Re: [pypy-dev] gpgpu and pypy

Paolo Giarrusso Fri, 20 Aug 2010 16:47:00 -0700

2010/8/20 Jim Baker <[email protected]>:
> The Unladen Swallow doc, which was derived from a PEP that Jeff proposed,
> seems to be a fair descriptive outline of Python memory models in general,
> and Jython's in specific.
> Obviously the underlying implementation in the JVM is happens-before
> consistency; everything else derives from there. The CHM  provides
> additional consistency constraints that should imply sequential consistency
> for a (vast) subset of Python programs. However, I can readily construct a
> program that violates sequential consistency: maybe it uses slots (stored in
> a Java array), or the array module (which also just wraps Java arrays), or
> by accesses local variables in a frame from another thread (same storage,
> same problem). Likewise I can also create Python programs that access Java
> classes (since this is Jython!), and they too will only see happens-before
> consistency.
OK, I guess that volatile semantics for fields were just a side effect.
As far as I can see, you get sequential consistency only in practice,
not in theory - you have happens-before edges only when a reader and a
writer touch the same field. In practice, the few cases where it
matters can't apply here as far as I know, because a hash function
decides to which of the submaps a mapping belongs.

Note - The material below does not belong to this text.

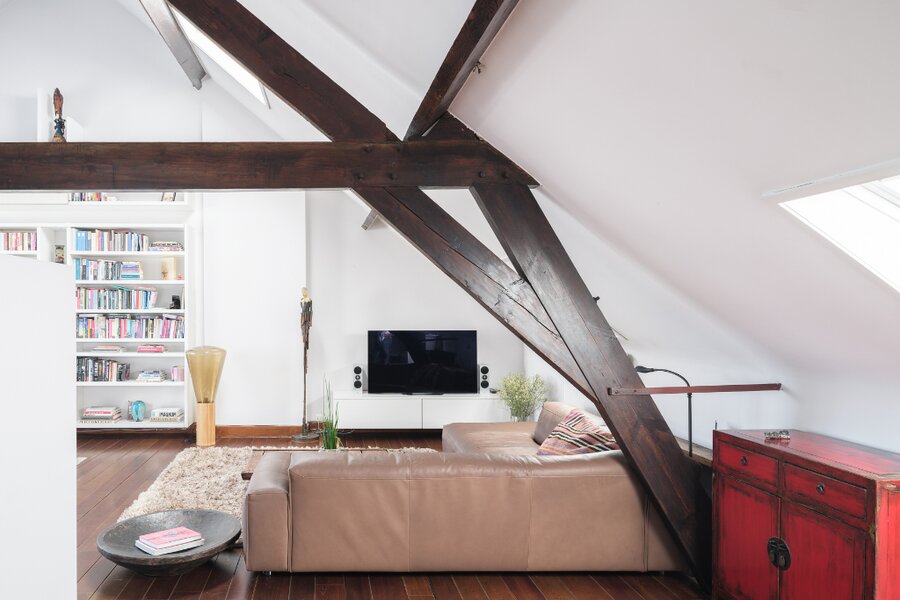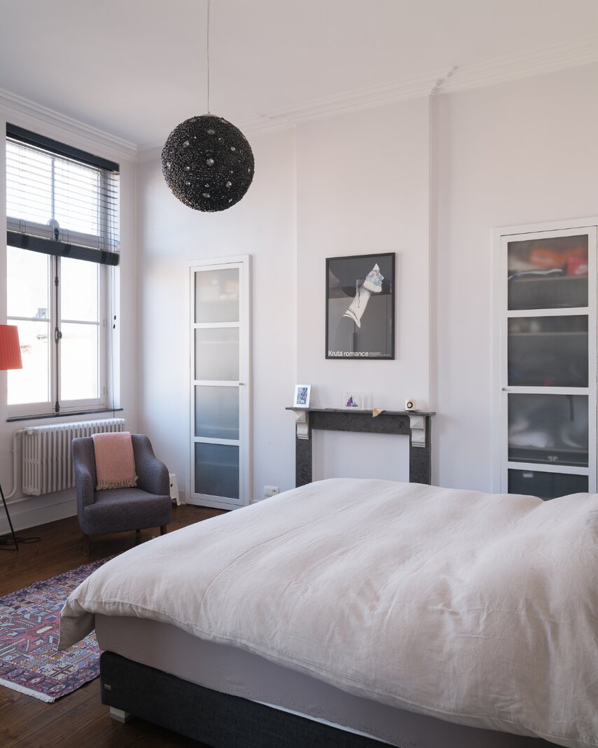 Hoge plafonds, originele plankenvloeren en houten ramen geven dit appartement een bijzondere charme en uitstraling.

Your mention of slots is very cool! You made me recall that once you
get shadow classes in Python, you can not only do inline caching, but
you also have the _same_ object layout as in slots, because adding a
member causes a hidden class transition, getting rid of any kind of
dictionary _after compilation_. Two exceptions:
* an immutable dictionary mapping field names to offsets is used both
during JIT compilation and when inline caching fails, for
* a fallback case for when __dict__ is used, I guess, is needed. Not
necessarily a dictionary must be used though: one could also make
__dict__ usage just cause class transitions.
* beyond a certain member count, i.e., if __dict__ is used as a
general-purpose dictionary, one might want to switch back to a
dictionary representation. This only applies if this is done in
Pythonic code (guess not) - I remember this case from V8, for
JavaScript, where the expected usage is different.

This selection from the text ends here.